● **Work required**: Exact copies of the lines below, from the one with "The results consist" up to and including the one with "Een klassieke, maar", are what this calls for; leave out pictures.

Material provided below:

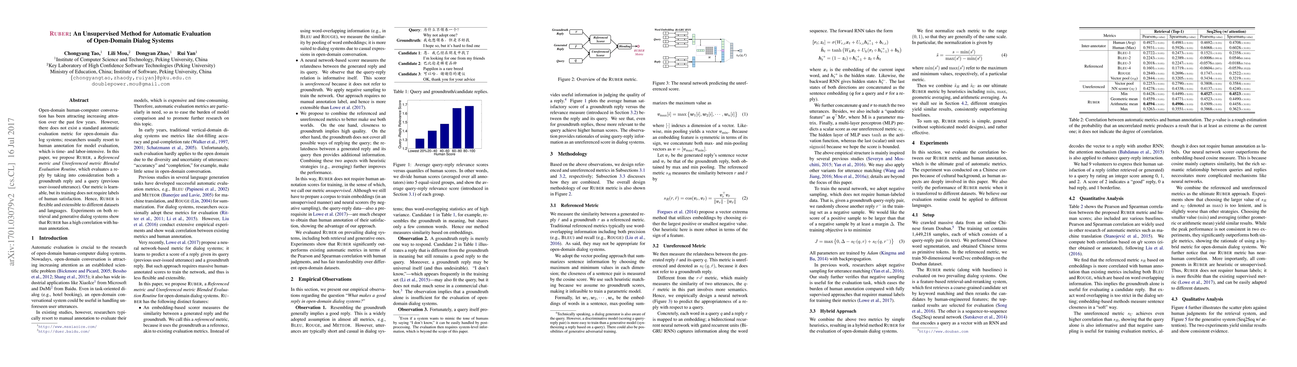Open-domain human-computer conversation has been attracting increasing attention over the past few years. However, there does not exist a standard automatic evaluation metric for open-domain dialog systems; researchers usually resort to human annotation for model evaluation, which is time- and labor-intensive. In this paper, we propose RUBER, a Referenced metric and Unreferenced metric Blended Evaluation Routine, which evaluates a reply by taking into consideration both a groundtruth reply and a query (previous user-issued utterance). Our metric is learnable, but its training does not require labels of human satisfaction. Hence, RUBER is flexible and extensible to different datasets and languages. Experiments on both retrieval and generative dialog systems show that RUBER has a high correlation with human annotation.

End of Material provided.
Material provided below:

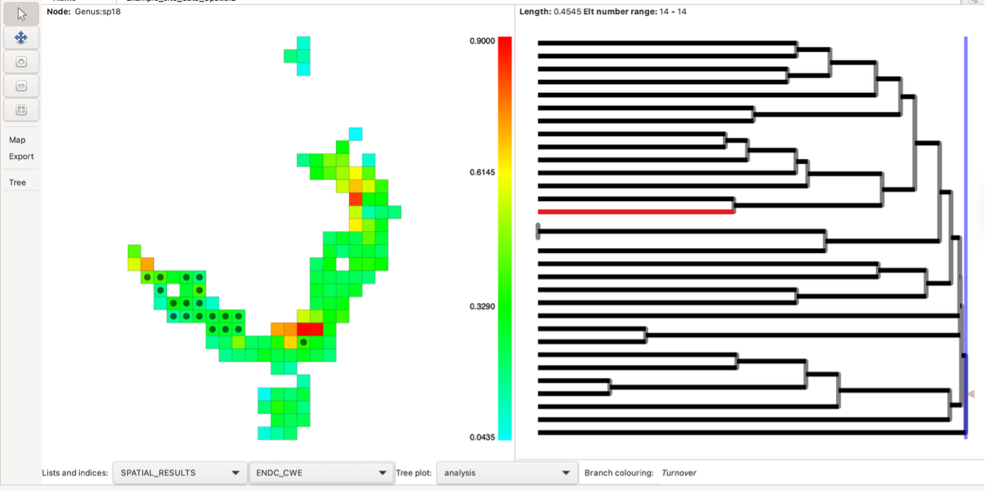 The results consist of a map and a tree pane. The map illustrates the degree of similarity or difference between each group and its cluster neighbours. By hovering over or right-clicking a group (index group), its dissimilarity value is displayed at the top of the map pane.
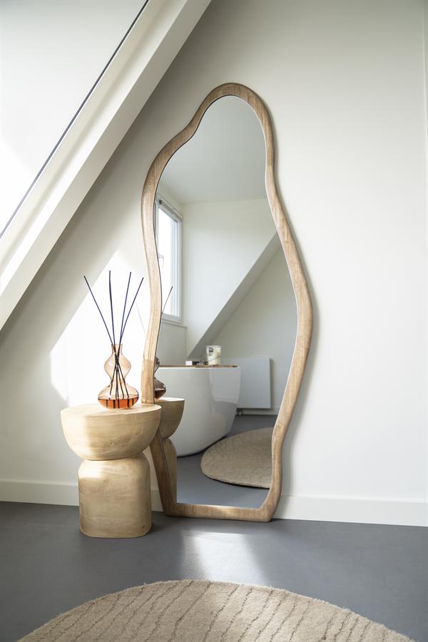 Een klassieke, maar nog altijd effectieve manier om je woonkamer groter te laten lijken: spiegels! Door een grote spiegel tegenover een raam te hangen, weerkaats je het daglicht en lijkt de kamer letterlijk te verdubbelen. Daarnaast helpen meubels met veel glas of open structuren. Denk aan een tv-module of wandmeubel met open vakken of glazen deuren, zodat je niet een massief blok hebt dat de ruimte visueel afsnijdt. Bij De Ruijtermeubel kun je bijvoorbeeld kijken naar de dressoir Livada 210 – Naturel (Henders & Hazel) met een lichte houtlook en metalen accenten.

End of Material provided.

● **Result of this exercise**:
 The results consist of a map and a tree pane. The map illustrates the degree of similarity or difference between each group and its cluster neighbours. By hovering over or right-clicking a group (index group), its dissimilarity value is displayed at the top of the map pane.
 Een klassieke, maar nog altijd effectieve manier om je woonkamer groter te laten lijken: spiegels! Door een grote spiegel tegenover een raam te hangen, weerkaats je het daglicht en lijkt de kamer letterlijk te verdubbelen. Daarnaast helpen meubels met veel glas of open structuren. Denk aan een tv-module of wandmeubel met open vakken of glazen deuren, zodat je niet een massief blok hebt dat de ruimte visueel afsnijdt. Bij De Ruijtermeubel kun je bijvoorbeeld kijken naar de dressoir Livada 210 – Naturel (Henders & Hazel) met een lichte houtlook en metalen accenten.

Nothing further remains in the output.